In un'isola del Mar di Flores, in Indonesia, un pitone ha ucciso una donna per poi ingoiarla interamente, come usuale per questi grandi rettili. La vittima del rettile è una 54enne che stava lavorando nel suo orto quando è stata attaccata: il serpente, lungo sette metri, si è avvicinato probabilmente di soppiatto alla donna e l'ha immobilizzata e divorata. I familiari della sventurata, che la cercavano in giardino, avevano ritrovato solo le sue scarpe e una torcia: allarmati hanno avvisato i vicini e sono partite le ricerche per trovare la parente scomparsa [VIDEO]. Insieme a tutto il villaggio hanno ritrovato a qualche decina di metri il responsabile della scomparsa: il pitone giaceva con il ventre rigonfio ed i soccorritori hanno intuito subito la tragedia.

Ucciso il serpente l'hanno trasportato nel vicino villaggio dove ne hanno aperto l'addome, trovandovi il corpo della vittima ancora intatto e con tutti gli abiti addosso. Pochi mesi fa un'altra persona era stata ingoiata intera da un rettile: si trattava di un uomo che lavorava nelle piantagioni di palma da olio delle Sulawesi occidentali.

Stritolata e poi ingoiata iniziando dalla testa

Il capo del villaggio situato sull'isola di Muna, dall'esotico nome di Persiapan Lawela, ha confermato che la vittima è stata ingoiata iniziando dalla testa.
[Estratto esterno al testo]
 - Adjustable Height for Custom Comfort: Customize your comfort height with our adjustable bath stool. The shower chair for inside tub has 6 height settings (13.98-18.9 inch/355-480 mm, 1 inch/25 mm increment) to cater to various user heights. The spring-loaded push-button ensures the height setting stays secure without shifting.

Il luogo della tragedia è un'area ricca di scogliere e rocce, che costituiscono un perfetto habitat per i rettili. In Indonesia sono particolarmente diffusi i pitoni del genere "reticolato" che hanno la peculiarità di cacciare la preda afferrandola e stritolandola tra le spire.
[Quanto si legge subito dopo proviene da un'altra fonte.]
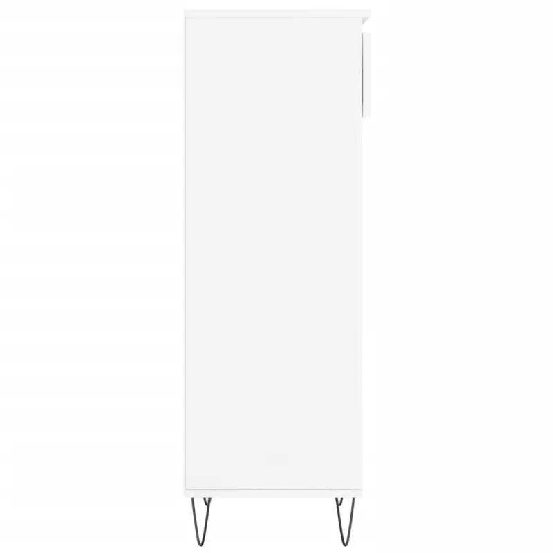 Elegante schoenenkast met bewerkt hout en metalen poten in hoogglans wit

Appena la vittima smette di divincolarsi viene ingoiata intera. Non accade spesso che i pitoni attacchino gli umani, dicono gli etologi, perchè le prede usuali dei serpenti sono suini o scimmie.
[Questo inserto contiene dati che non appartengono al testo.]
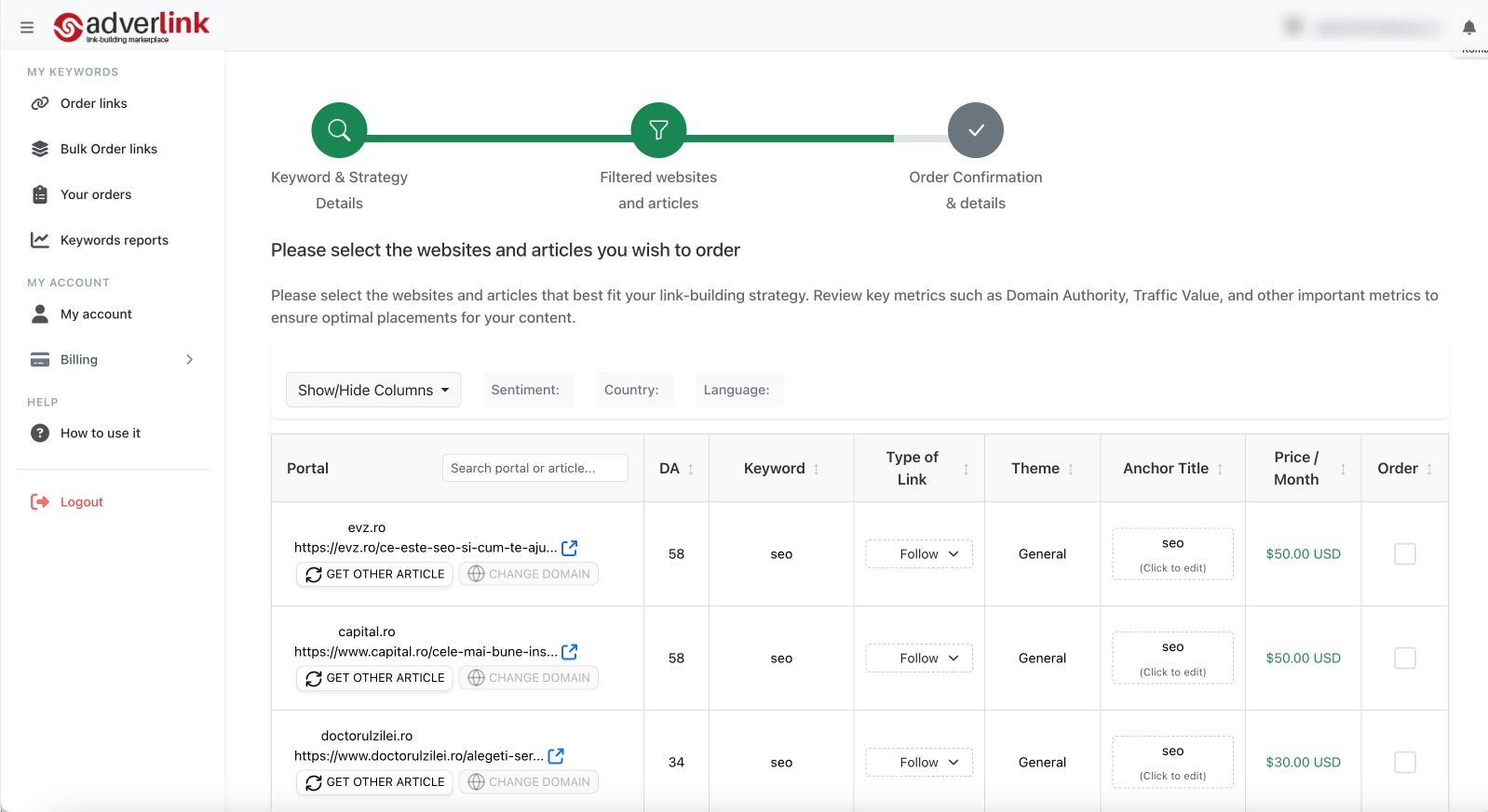 ✅ Posibilitatea de a alege tipul de linkuri potrivite pentru strategia ta

I serpenti inghiottono le prede intere

E' una caratteristica propria dei serpenti [VIDEO]quella di inghiottire interamente la loro preda, dal momento che non sono in grado di masticarla. Spesso le prede sono di molto più grandi della bocca del serpente, se non, addirittura, del serpente stesso. La tecnica di attacco prevede che il rettile afferri la preda con i suoi denti aguzzi come uncini, raramente velenosi, e che la stritoli lentamente con le sue possenti spire, che le impediscono di respirare, soffocandola. In un secondo tempo le fauci del rettile si aprono di oltre 180°, un'apertura straordinaria resa possibile dalla presenza di muscoli elastici e della particolare articolazione della mandibola che lascia le ossa "slegate" tra loro per cui riescono a deformare l'apertura orale fino a far entrare masse molto grandi.